▸ **Dataset records**
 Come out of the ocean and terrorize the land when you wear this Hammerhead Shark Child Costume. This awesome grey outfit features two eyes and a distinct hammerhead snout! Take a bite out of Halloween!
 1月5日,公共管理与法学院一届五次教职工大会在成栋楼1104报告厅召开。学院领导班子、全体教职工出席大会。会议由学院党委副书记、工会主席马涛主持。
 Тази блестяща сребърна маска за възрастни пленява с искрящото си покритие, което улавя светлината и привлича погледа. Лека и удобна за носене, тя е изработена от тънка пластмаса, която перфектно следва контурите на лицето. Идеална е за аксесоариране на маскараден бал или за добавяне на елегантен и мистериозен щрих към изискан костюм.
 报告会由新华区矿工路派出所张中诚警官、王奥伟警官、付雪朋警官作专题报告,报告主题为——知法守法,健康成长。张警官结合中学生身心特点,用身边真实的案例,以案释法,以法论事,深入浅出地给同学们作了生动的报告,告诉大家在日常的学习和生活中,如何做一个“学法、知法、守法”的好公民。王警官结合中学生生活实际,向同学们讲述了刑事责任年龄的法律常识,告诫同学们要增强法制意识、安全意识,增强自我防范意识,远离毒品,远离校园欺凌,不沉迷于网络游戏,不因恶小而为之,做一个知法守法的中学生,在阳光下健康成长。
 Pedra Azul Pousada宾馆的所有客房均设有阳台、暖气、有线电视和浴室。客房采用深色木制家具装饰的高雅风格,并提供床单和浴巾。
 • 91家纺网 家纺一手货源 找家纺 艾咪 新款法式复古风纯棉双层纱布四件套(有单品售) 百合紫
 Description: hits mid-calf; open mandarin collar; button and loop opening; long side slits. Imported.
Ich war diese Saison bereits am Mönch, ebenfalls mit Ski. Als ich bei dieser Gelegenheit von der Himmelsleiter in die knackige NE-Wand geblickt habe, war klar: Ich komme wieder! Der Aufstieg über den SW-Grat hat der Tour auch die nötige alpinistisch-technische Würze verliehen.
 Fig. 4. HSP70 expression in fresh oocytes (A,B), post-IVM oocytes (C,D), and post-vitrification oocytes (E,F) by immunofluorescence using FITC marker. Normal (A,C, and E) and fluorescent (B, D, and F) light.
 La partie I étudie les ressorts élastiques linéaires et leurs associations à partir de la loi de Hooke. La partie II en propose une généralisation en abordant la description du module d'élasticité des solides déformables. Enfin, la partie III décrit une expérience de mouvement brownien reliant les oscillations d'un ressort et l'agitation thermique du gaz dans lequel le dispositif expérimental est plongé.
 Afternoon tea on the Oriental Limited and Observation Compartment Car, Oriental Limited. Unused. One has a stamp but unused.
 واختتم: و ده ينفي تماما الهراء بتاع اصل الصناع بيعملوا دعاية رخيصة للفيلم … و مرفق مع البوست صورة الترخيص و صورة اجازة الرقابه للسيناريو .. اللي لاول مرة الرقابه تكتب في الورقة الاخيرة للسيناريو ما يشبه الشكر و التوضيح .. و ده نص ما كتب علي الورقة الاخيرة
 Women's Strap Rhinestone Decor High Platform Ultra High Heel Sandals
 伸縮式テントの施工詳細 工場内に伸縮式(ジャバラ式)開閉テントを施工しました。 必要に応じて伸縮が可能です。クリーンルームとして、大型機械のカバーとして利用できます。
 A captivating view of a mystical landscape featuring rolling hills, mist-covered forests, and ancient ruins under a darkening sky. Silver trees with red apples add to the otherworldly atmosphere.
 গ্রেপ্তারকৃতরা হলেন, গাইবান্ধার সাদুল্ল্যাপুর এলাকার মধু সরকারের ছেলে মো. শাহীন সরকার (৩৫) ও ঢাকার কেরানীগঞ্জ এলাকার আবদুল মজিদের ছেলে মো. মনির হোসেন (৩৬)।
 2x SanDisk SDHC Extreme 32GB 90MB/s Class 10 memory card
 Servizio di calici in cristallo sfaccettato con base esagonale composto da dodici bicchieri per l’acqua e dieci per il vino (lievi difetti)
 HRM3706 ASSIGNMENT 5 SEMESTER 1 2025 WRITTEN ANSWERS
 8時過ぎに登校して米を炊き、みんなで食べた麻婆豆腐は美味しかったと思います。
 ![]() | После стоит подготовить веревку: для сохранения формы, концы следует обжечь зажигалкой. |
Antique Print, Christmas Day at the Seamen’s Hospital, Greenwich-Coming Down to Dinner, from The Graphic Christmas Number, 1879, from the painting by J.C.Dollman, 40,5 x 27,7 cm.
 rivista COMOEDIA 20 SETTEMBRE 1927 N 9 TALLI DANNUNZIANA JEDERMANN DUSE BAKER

▸ **Exercise prompt**
Print out, without change, each line from the line holding "La partie I étudie" to the final line of the material.

▸ **Expected answer**
 La partie I étudie les ressorts élastiques linéaires et leurs associations à partir de la loi de Hooke. La partie II en propose une généralisation en abordant la description du module d'élasticité des solides déformables. Enfin, la partie III décrit une expérience de mouvement brownien reliant les oscillations d'un ressort et l'agitation thermique du gaz dans lequel le dispositif expérimental est plongé.
 Afternoon tea on the Oriental Limited and Observation Compartment Car, Oriental Limited. Unused. One has a stamp but unused.
 واختتم: و ده ينفي تماما الهراء بتاع اصل الصناع بيعملوا دعاية رخيصة للفيلم … و مرفق مع البوست صورة الترخيص و صورة اجازة الرقابه للسيناريو .. اللي لاول مرة الرقابه تكتب في الورقة الاخيرة للسيناريو ما يشبه الشكر و التوضيح .. و ده نص ما كتب علي الورقة الاخيرة
 Women's Strap Rhinestone Decor High Platform Ultra High Heel Sandals
 伸縮式テントの施工詳細 工場内に伸縮式(ジャバラ式)開閉テントを施工しました。 必要に応じて伸縮が可能です。クリーンルームとして、大型機械のカバーとして利用できます。
 A captivating view of a mystical landscape featuring rolling hills, mist-covered forests, and ancient ruins under a darkening sky. Silver trees with red apples add to the otherworldly atmosphere.
 গ্রেপ্তারকৃতরা হলেন, গাইবান্ধার সাদুল্ল্যাপুর এলাকার মধু সরকারের ছেলে মো. শাহীন সরকার (৩৫) ও ঢাকার কেরানীগঞ্জ এলাকার আবদুল মজিদের ছেলে মো. মনির হোসেন (৩৬)।
 2x SanDisk SDHC Extreme 32GB 90MB/s Class 10 memory card
 Servizio di calici in cristallo sfaccettato con base esagonale composto da dodici bicchieri per l’acqua e dieci per il vino (lievi difetti)
 HRM3706 ASSIGNMENT 5 SEMESTER 1 2025 WRITTEN ANSWERS
 8時過ぎに登校して米を炊き、みんなで食べた麻婆豆腐は美味しかったと思います。
 ![]() | После стоит подготовить веревку: для сохранения формы, концы следует обжечь зажигалкой. |
Antique Print, Christmas Day at the Seamen’s Hospital, Greenwich-Coming Down to Dinner, from The Graphic Christmas Number, 1879, from the painting by J.C.Dollman, 40,5 x 27,7 cm.
 rivista COMOEDIA 20 SETTEMBRE 1927 N 9 TALLI DANNUNZIANA JEDERMANN DUSE BAKER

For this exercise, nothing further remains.